A: 

The question isn’t very clear, but I assume you’re writing a web application, and you’re trying to serve up the PDF document to the client.

First, you need to set a header to let the client know that it should expect PDF data:

header('Content-type: application/pdf');

That will cause most browsers to render the PDF within the browser window. If you’d rather have the browser offer the PDF as a download, do this in addition to the above:

header('Content-Disposition: attachment; filename="filename.pdf"');

You may set any filename you like in place of filename.pdf.

It’s important that you make these calls to header() before any output is written.
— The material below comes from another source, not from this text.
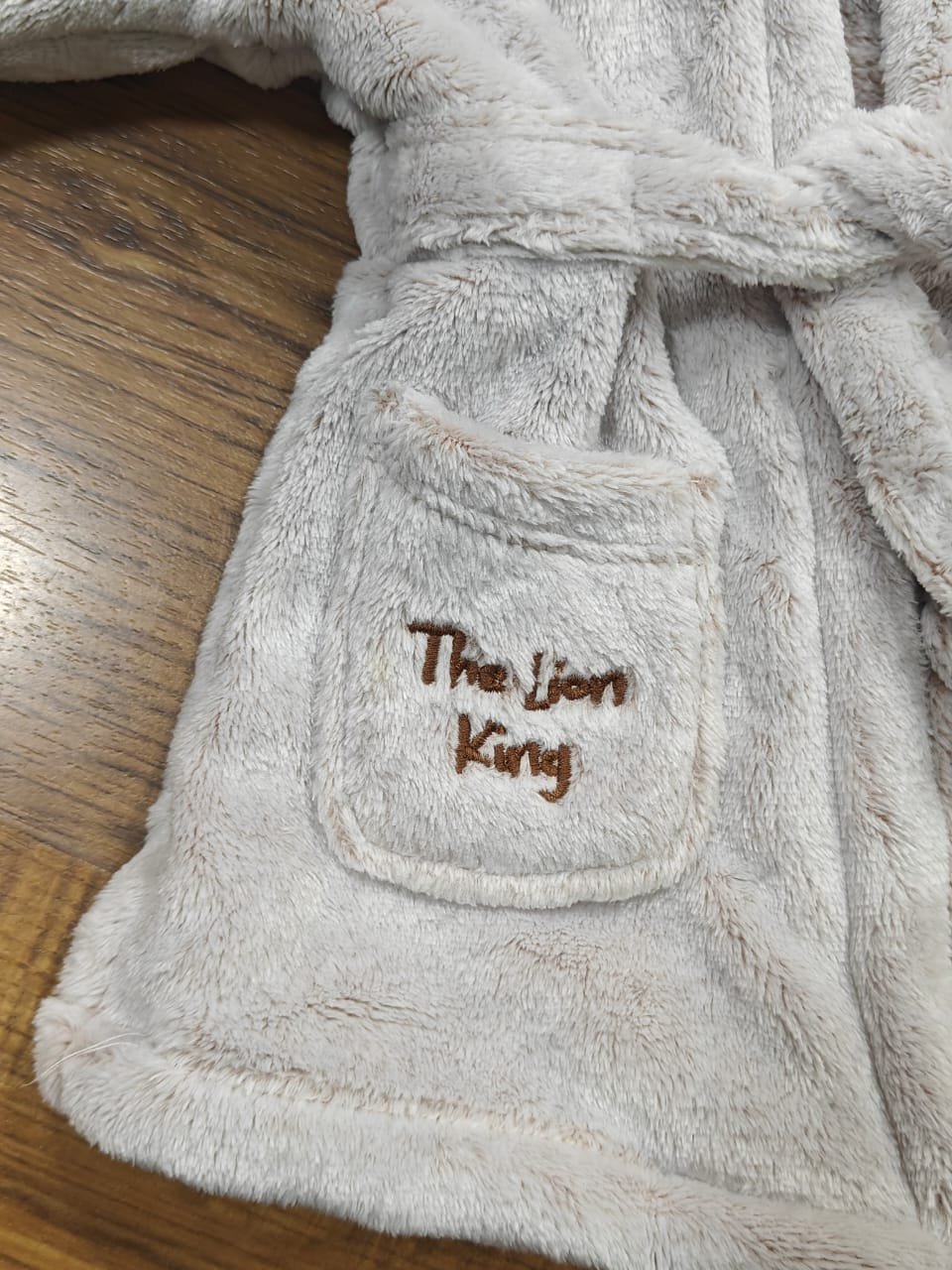 Design: Cute hooded robe in a light grey/beige color with an embroidered tie-belt.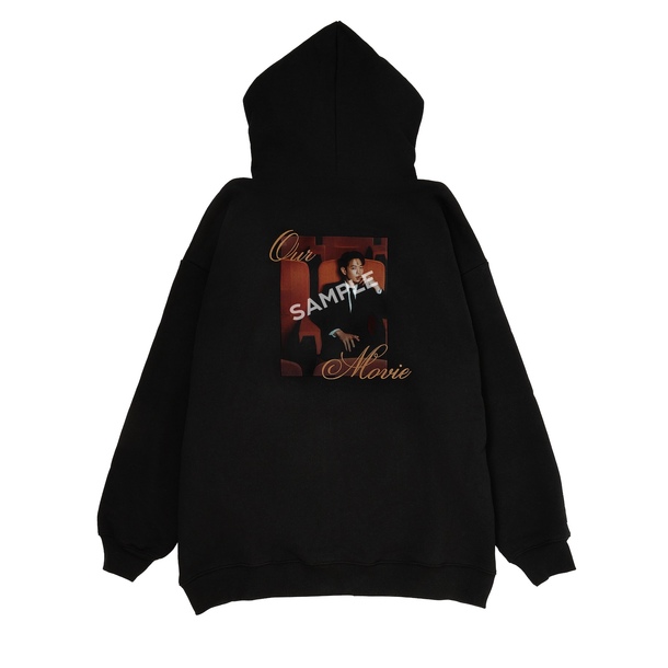 ポスターが大きくプリントされたジップアップパーカーです。

As an aside, I guess that $d is a debug flag, but I don’t think it’s a very good idea to do those string operations that you’re doing when it’s set. You’re likely to end up corrupting the PDF data.

Daniel Cassidy
Thank you! Is this valid?$db_data = array( array('first'=> 'Customer Name:','second'=> $row_cust['cust_name']) ,array('first'=> 'Phone Number:','second'=> $row_cust['cust_phone']) ,array('first'=> 'Address:','second'=> $row_cust['cust_address']) ,array('first'=> 'Customer Ref/ Room Number:','second'=>$row_cust['cust_ref']) ); where Ex .($row_cust['cust_ref']) is data from the DB.